Spencer Moore

No. 80
- Position: Fullback

Personal information
- Born: July 25, 1990 (age 35) Hamilton, Ontario, Canada
- Listed height: 6 ft 4 in (1.93 m)
- Listed weight: 230 lb (104 kg)

Career information
- University: McMaster
- CFL draft: 2013: 5th round, 44th overall pick

Career history
- 2013–2018: Saskatchewan Roughriders
- 2019–2021: Montreal Alouettes

Awards and highlights
- 47th Vanier Cup champion; 101st Grey Cup champion;
- Stats at CFL.ca

= Spencer Moore =

Canadian football player (born 1990)

Spencer Moore (born July 25, 1990) is a Canadian former professional football fullback who played for nine years in the Canadian Football League (CFL).

==University career==
Moore played CIS football for the McMaster Marauders and was part of the 47th Vanier Cup championship team.

==Professional career==
===Saskatchewan Roughriders===
Moore was drafted in the fifth round, 44th overall by the Saskatchewan Roughriders in the 2013 CFL draft and signed with the team on May 30, 2013. He was on the nine-game injured list when the Roughriders won the 101st Grey Cup.

===Montreal Alouettes===
Moore was traded to the Montreal Alouettes in December 2018 for a conditional eighth-round draft pick.
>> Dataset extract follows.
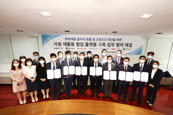 [잔주=쿠키뉴스] 강연만 기자 = '취약계층 일자리 창출'과 '자원 재활용'이라는 사회적 가치 실현을 위해 중앙행정기관과 공공기관, 그리고 민간기업이 손을 맞잡았다.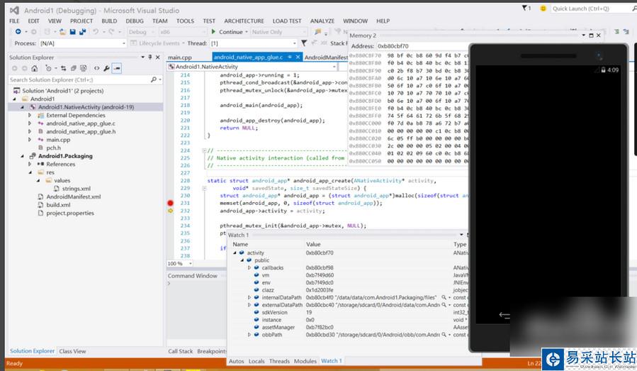 5、最后在Visual Studio 2015進行android native activity開發時進行調試的效果圖

He played in 16 regular season games where he had seven receptions for 54 yards and seven special teams tackles. He did not play in 2020 due to the cancellation of the 2020 CFL season.

Moore was placed on the suspended list by the Montreal Alouettes on July 6, 2021. He re-joined the team and played in seven games and had two special teams tackles and one catch for four yards. He announced his retirement on September 22, 2022.